Directions for this task:
From the line with "在學(xué)校,一望無際的" to the line with "Supaya mempermudahkan Midtrans", output every line below exactly, both ends included. Skip the pictures.

[Data entries]
::::

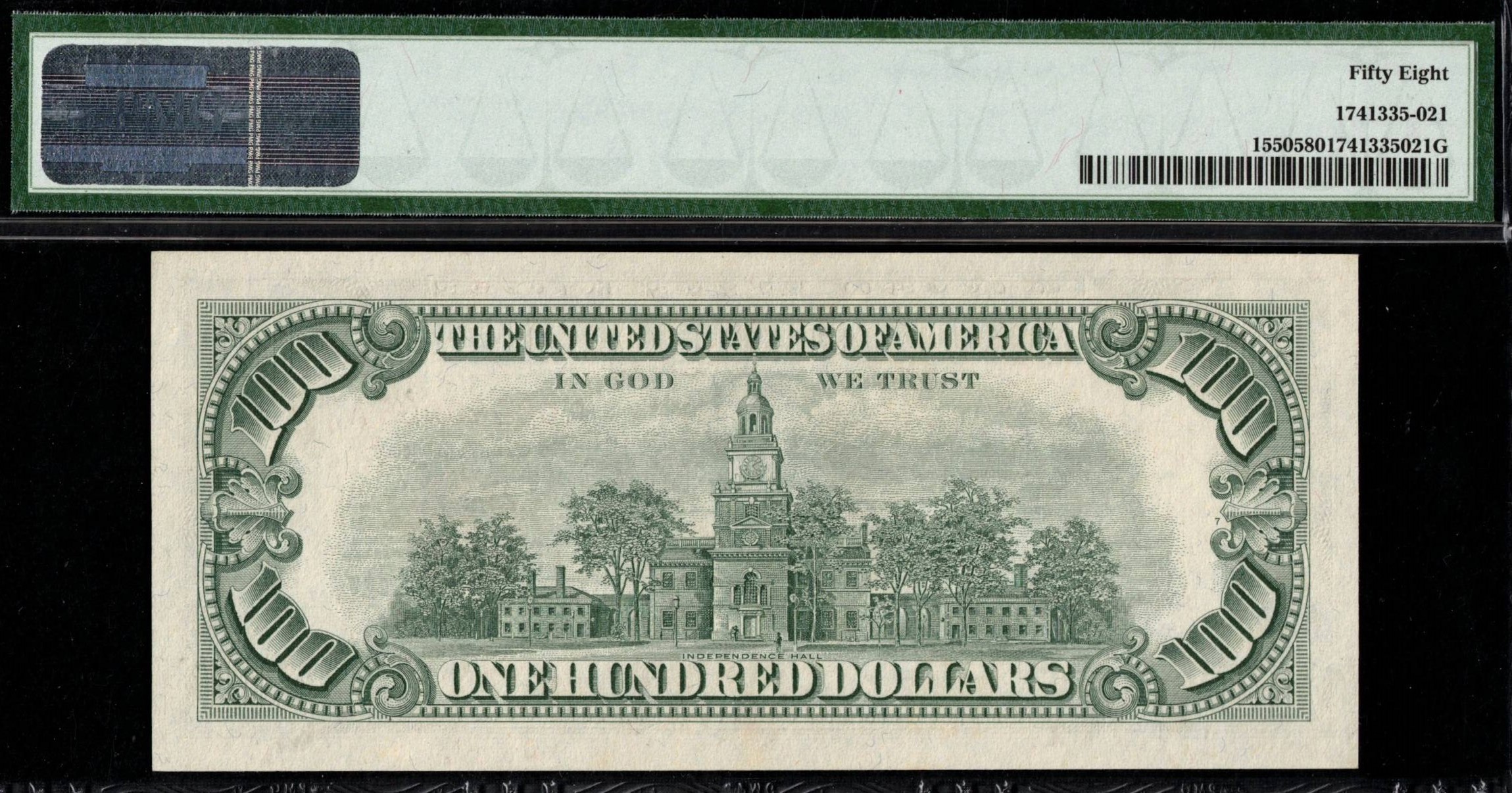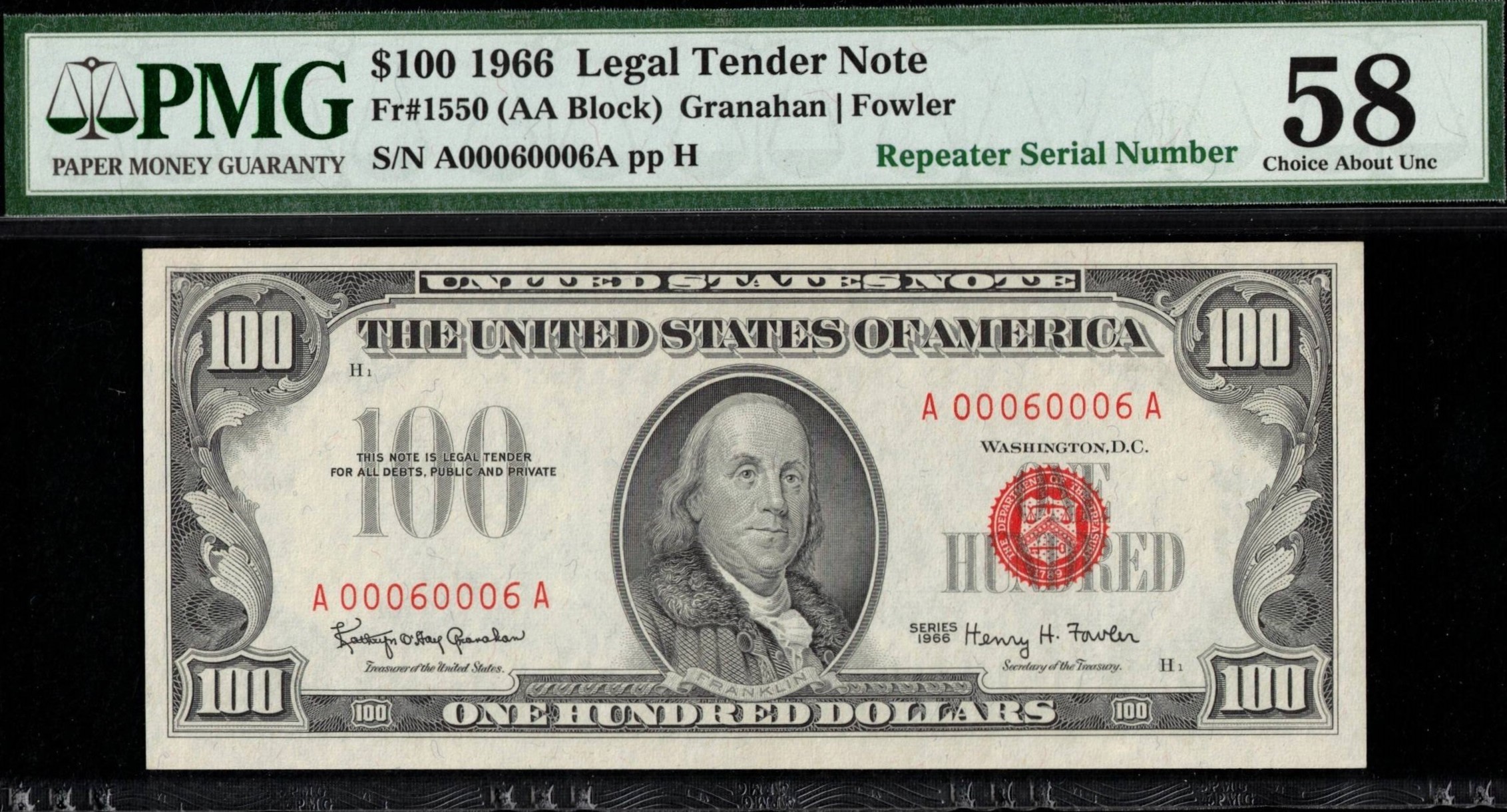FR-1550 1966 Series One Hundred Dollar Legal Tender with a two-digit repeater serial number A00060006A. This is the 6th repeater printed for the 1966 Series and one of only two two-digit repeaters found on $100 bills to date. Graded by a third party as P.M.G #58 Choice About Uncirculated, it features bright paper and sharp overprint. If you’re after the finale of legal tenders with an incredible repeater serial number, this is the one. 0-6’S.
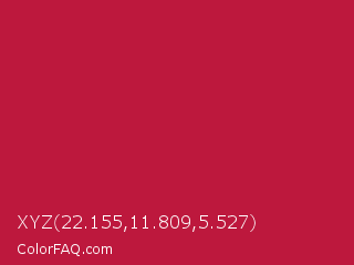 XYZ 22.155,11.809,5.527 Color is a normal red color and the nearest color is Cardinal #c41e3a. Hex code #bd183d and RGB value is rgb(189,24,61). In RGB color space, this color is composed of 74% red, 9% green, 24% blue, In CMYK color space, this color is composed of 0% cyan, 87% magenta, 68% yellow , 26% black , In HSL color space, this color has a hue angle of 347° , 77% saturation and 42% lightness.
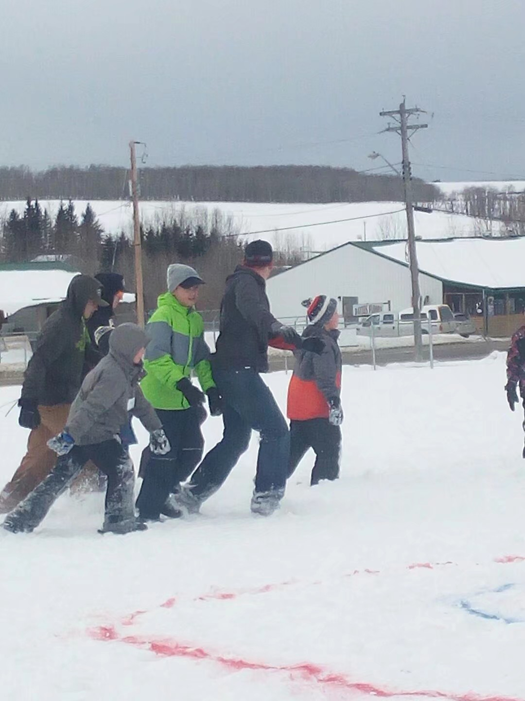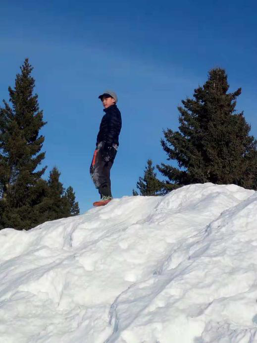 在學(xué)校,一望無際的操場上,雪丘一個比一個高,當你站在雪丘的至高點,笨重的校巴就不再是那么大了。喜歡雪的同學(xué)們一點也不怕冷。他們在雪地里打球、摔跤、滑雪,還不時地會聽到尖叫聲,原來是同學(xué)相互在雪丘上推上推下,開心得不亦樂乎。
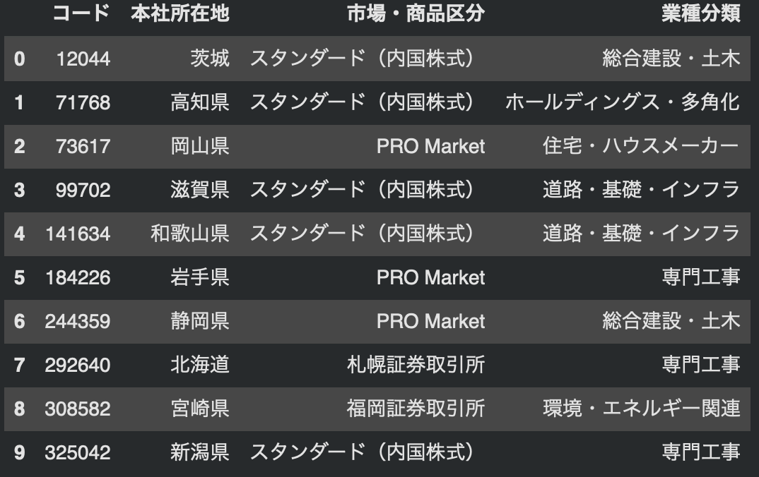 本社所在地: 10社すべてが異なる都道府県に位置しており、各地域密着型の分析フローが必要。
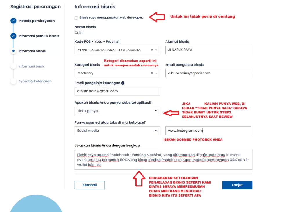 Supaya mempermudahkan Midtrans untuk mereview bisnis kita, kalian bisa isikan seperti contoh kami diatas
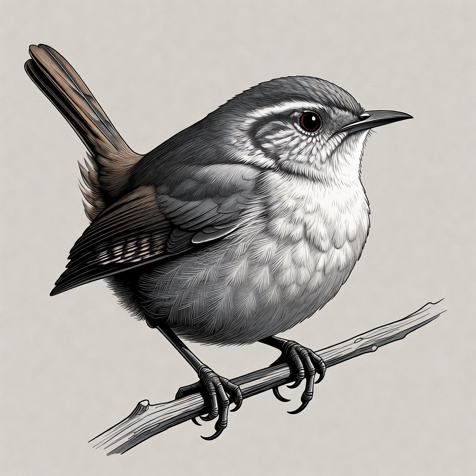avian, bird, bird on branch, brown tail, clipart, feathers, gray bird, illustration, isolated background, nature, perched bird, small bird, talons, white eyebrow, wildlife, wooden branch, wren

::::

Exercise answer:
 在學(xué)校,一望無際的操場上,雪丘一個比一個高,當你站在雪丘的至高點,笨重的校巴就不再是那么大了。喜歡雪的同學(xué)們一點也不怕冷。他們在雪地里打球、摔跤、滑雪,還不時地會聽到尖叫聲,原來是同學(xué)相互在雪丘上推上推下,開心得不亦樂乎。
 本社所在地: 10社すべてが異なる都道府県に位置しており、各地域密着型の分析フローが必要。
 Supaya mempermudahkan Midtrans untuk mereview bisnis kita, kalian bisa isikan seperti contoh kami diatas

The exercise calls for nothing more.